Under the Hood: Finite-State Machines for Token Masking
Understanding how grammar-constrained decoding achieves its guarantees requires a brief excursion into formal language theory. The key insight, formalized by Willard and Louf (2023), is that regular expressions and JSON schemas can be compiled into finite-state machines (FSMs), where each state represents a position in the grammar and each transition corresponds to a set of valid tokens. At each decoding step, the system looks up the current FSM state, retrieves the set of allowed token IDs, and masks everything else to negative infinity.

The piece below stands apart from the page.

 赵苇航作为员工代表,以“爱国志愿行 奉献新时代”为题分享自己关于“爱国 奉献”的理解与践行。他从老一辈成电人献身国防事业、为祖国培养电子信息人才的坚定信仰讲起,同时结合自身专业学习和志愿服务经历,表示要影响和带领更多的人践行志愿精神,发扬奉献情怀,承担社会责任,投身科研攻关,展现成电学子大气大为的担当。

For JSON schemas specifically, the compilation works as follows. The schema is first converted into a regular expression that matches all valid JSON strings conforming to the schema. That regex is then compiled into a deterministic finite automaton (DFA). Finally, the DFA transitions are mapped to vocabulary token IDs by checking which tokens can extend a partial match from each state. This mapping is precomputed once per schema, so the per-token overhead at generation time is just a lookup and a mask application.

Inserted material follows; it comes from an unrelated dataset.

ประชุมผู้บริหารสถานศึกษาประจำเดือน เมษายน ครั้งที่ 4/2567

Context-free grammars (CFGs) require a pushdown automaton rather than a simple FSM, because they need a stack to track nested structures (e.g., matching braces in JSON). Libraries like llama.cpp use GBNF (a variant of BNF notation) to specify arbitrary CFGs and enforce them during generation. The overhead is slightly higher than for regular expressions, but still negligible compared to the cost of the model forward pass itself.

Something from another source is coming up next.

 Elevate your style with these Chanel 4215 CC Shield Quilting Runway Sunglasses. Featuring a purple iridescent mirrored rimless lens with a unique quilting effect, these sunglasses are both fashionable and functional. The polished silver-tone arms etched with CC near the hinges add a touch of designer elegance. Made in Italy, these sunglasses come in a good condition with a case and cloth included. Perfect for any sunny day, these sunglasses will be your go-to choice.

LMQL: A Query Language for Constrained LLM Generation
LMQL (Language Model Query Language, developed by Beurer-Kellner et al. at ETH Zurich) takes a fundamentally different approach from token-level masking. Instead of compiling grammars into FSMs, LMQL provides a Python-embedded query language that lets you express constraints declaratively: type constraints, length limits, regex patterns, stopping conditions, and even arbitrary Python predicates. The LMQL runtime then translates these constraints into token masks at each decoding step through eager constraint evaluation, checking whether partial completions can still satisfy the declared constraints and pruning branches that cannot.
# LMQL: declarative constraints on LLM output
# pip install lmql
import lmql
@lmql.query
async def analyze_product(review: str):
'''lmql
argmax
"Review: {review}\n"
"Analyze this product review.\n"
"Sentiment: [SENTIMENT]\n"
"Rating: [RATING]/5\n"
"Key issues: [ISSUES]\n"
from
"openai/gpt-4o-mini"
where
SENTIMENT in ["positive", "negative", "mixed"] and
INT(RATING) >= 1 and INT(RATING) <= 5 and
len(ISSUES) < 200
'''
# The constraints are enforced at the token level during generation
result = await analyze_product("Battery dies after 2 hours but the camera is superb.")
print(result.variables)
# {"SENTIMENT": "mixed", "RATING": "3", "ISSUES": "Short battery life limits usability..."}
where clause is evaluated eagerly at each token to mask invalid continuations.
The key advantage of LMQL over FSM-based approaches is expressiveness. You can write arbitrary
Python predicates in the where clause, not just patterns that compile to regular expressions.
The tradeoff is that arbitrary predicates may require speculative evaluation (trying partial
completions to see if they can still satisfy the constraint), which adds computational overhead.
For simple type and choice constraints, LMQL's performance is comparable to Outlines. For complex
predicates, it may be slower but is often the only practical option.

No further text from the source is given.